Ever wonder what you should be doing for your conditioning?
Conditioning, also called cardio or energy systems development is confusing for the novice to advanced fitness enthusiast.
The physical benefits of conditioning include improved cardiovascular health, overall endurance, body composition management, a stronger immune system, resilience and can carry over to better mental health.
But how much should you do?
What can you do on your own versus what you can do in the gym?

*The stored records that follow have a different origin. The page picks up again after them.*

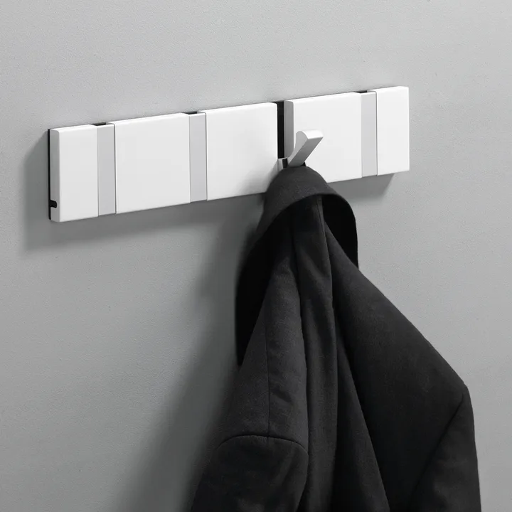 Knax seinäripustin 2 koukkua LoCa yhdistää toiminnallisuuden ja muotoilun. Jousitetuilla koukuilla tämä ripustin pitää takit ja pyyhkeet turvallisesti ja piilossa silloin kun niitä ei käytetä. Älykkäät koukut avautuvat helposti tarvittaessa ja menevät automaattisesti sisään kun niitä ei tarvita. Toimitetaan kahden ruuvin kanssa helppoon seinäkiinnitykseen, täydellinen kotiin. Suunniteltu Harrit & Sørensenin toimesta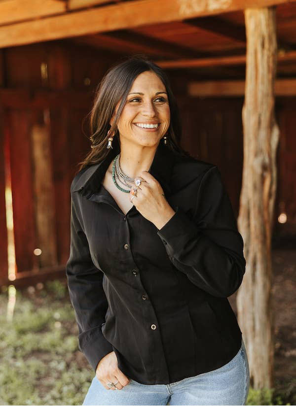 Cette solide chemise à manches longues boutonnée par est un essentiel de western intemporel. Conçu avec une coupe ajustée flatteuse et un col classique, il est parfait pour les rodéos, les événements western ou tous les jours. Associez le avec votre ceinture préférée et un jean pour un look de cowgirl soigné. Fabriqué à partir de tissu respirant et durable, cette chemise allie élégance et confort.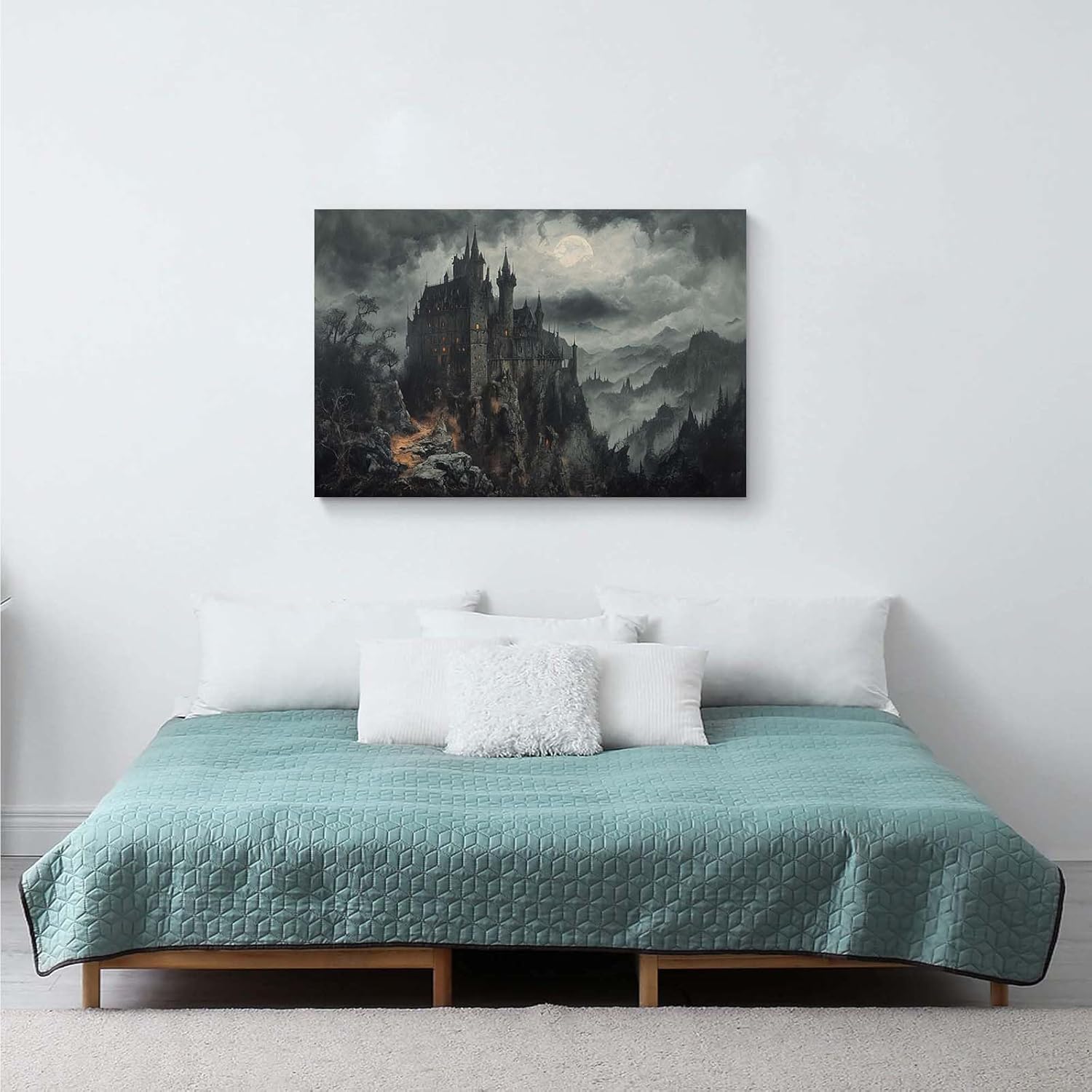Vintage Castle Poster Dark Academy Victorian Gothic Castle Wall Art Poster Moody Mystical Art Print Suitable for Home Living Room Bedroom28x40in Wood Framed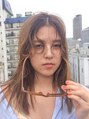 半端な長さのウエーブバングにミディアムストレートの 絶妙なバランスです!レイヤーカットプラス、ハイトーンのハニーベージュカラーで更に軽く!!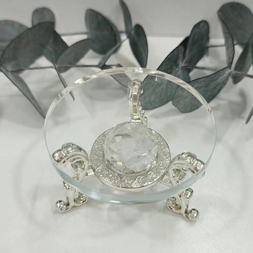 Gümüş Metal Ayaklı Yuvarlak Cam Yüzük Yükselticisi

Let’s look at this in three categories.
For low intensity conditioning, where your heart rate isn’t getting over 120-130 beats per minute depending on your health metrics, you can train at a frequency of three low intensity sessions a week for 60-90 minutes total. Most lower intensity conditioning can be done nasal breathing.
For moderate intensity conditioning, where your heart rate might be between 120-150 beats per minute, you can train at a frequency of two moderate intensity sessions a week for 12-30 minutes total.
For higher intensity conditioning, where you’re working very hard performing intense bursts working at 90% or more of your max output, you’d be looking at 4-12 minutes total work for a frequency of one session per week.
My friends at Principles Of Program Design call this the 3-2-1 Method.
Most people go wrong by doing moderate intensity all the time and very little low and high. This is what a lot of boot camps program as well as chain gyms like Orange Theory deliver.
Also, when people do “HIIT” training, they’re commonly nowhere near the output needed to make it intense, and their work to rest ratios are all over the place, don’t make sense, making it nearly impossible to recover to be intense enough (or at all) for the round(s).In Thursday’s newsletter, we’ll go over how to program this for yourself in a weekly schedule and include the different tools and protocols you can use at each level.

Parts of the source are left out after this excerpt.